Target audience: Intermediate
Estimated reading time: 6'
The multivariate normal sampling function plays a pivotal role in several machine learning methods, including Markov chains Monte Carlo (MCMC) and the contextual multi-armed bandit. The foundation of this sampling is data vectorization, a technique familiar to both Python developers and data scientists.
In this article, we outline the process of implementing multivariate normal sampling with the aid of ND4j.
Table of contents
Notes:
- The post requires some knowledge of data vectorization (numpy, datavec, ND4j..) as well as Scala programming language.
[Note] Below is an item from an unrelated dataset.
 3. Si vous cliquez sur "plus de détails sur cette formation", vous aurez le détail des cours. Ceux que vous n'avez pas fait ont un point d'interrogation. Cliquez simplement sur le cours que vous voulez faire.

- The code associated with this article is written using Scala 2.11.8
Vectorization
Python Numpy is a well-known and reliable vectorized linear algebra library which is a foundation of scientific (SciPy) and machine learning (Sciktlearn) libraries. No serious data scientific projects can reasonably succeeds with the power and efficiency of numpy.The vectorization of datasets is the main reason behind the performance of machine learning models (training and prediction) build in Python.
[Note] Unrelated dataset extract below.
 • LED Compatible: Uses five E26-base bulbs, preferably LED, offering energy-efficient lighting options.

Is there a similar linear algebra library, supporting vectorization, available to Scala and Spark developers? Yes, ND4j
ND4j, BLAS and LAPACK
ND4j library replicates the functionality of numpy for Java developers. ND4j can be downloaded as an independent library or as component of the deep learning library, deeplearning4j. It leverages the BLAS and LAPACK libraries.From a Java developer perspective, the data represented by an NDArray is stored outside of the Java Virtual Machine. This design has the following benefits:
- Avoid taxing the Garbage Collector
- Interoperability with high-performance BLAS libraries such as OpenBlas
- Allow number of array elements exceeds Int.MaxValue
The BLAS (Basic Linear Algebra Subprograms) are functions performing basic vector and matrix operations. The library is divided in 3 levels:
- Level 1 BLAS perform scalar, vector and vector-vector operations,
- Level 2 BLAS perform matrix-vector operations
- Level 3 BLAS perform matrix-matrix operations.
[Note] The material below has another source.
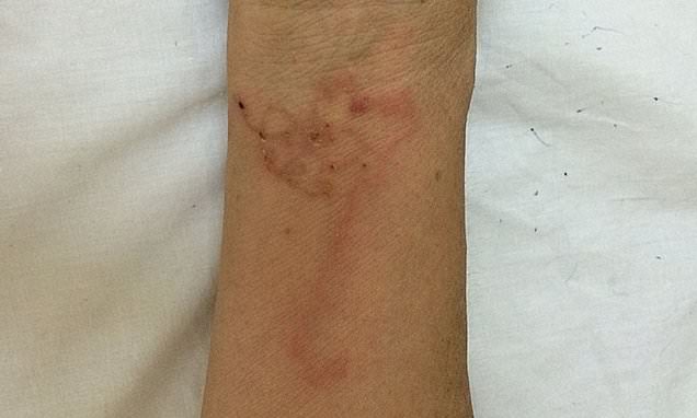 Grim images show the creatures burrowing in the unidentified 58-year-old’s arms, legs and hands.

LAPACK are Fortran routines for solving systems of simultaneous linear equations, least-squares solutions of linear systems of equations, eigenvalue problems, and singular value problems and matrix factorizations.
Implicit ND4j array conversion
The first step is to create a implicit conversation between ND4j and Scala data types.The following code convert an array of double into a INDArray using org.nd4j.linalg.factory.Nd4j java class and its constructor create(double[] values, int[] shape)
- In case of a vector, the shape is defined in Scala as Array[Int](size_vector)
- In case of a matrix, the shape is defined as Array[Int](numRows, numCols).
@throws(clazz = classOf[IllegalArgumentException])
implicit def double2NDArray(values: Array[Double]): INDArray = {
require(values.nonEmpty, "ERROR: ND4, conversion ...")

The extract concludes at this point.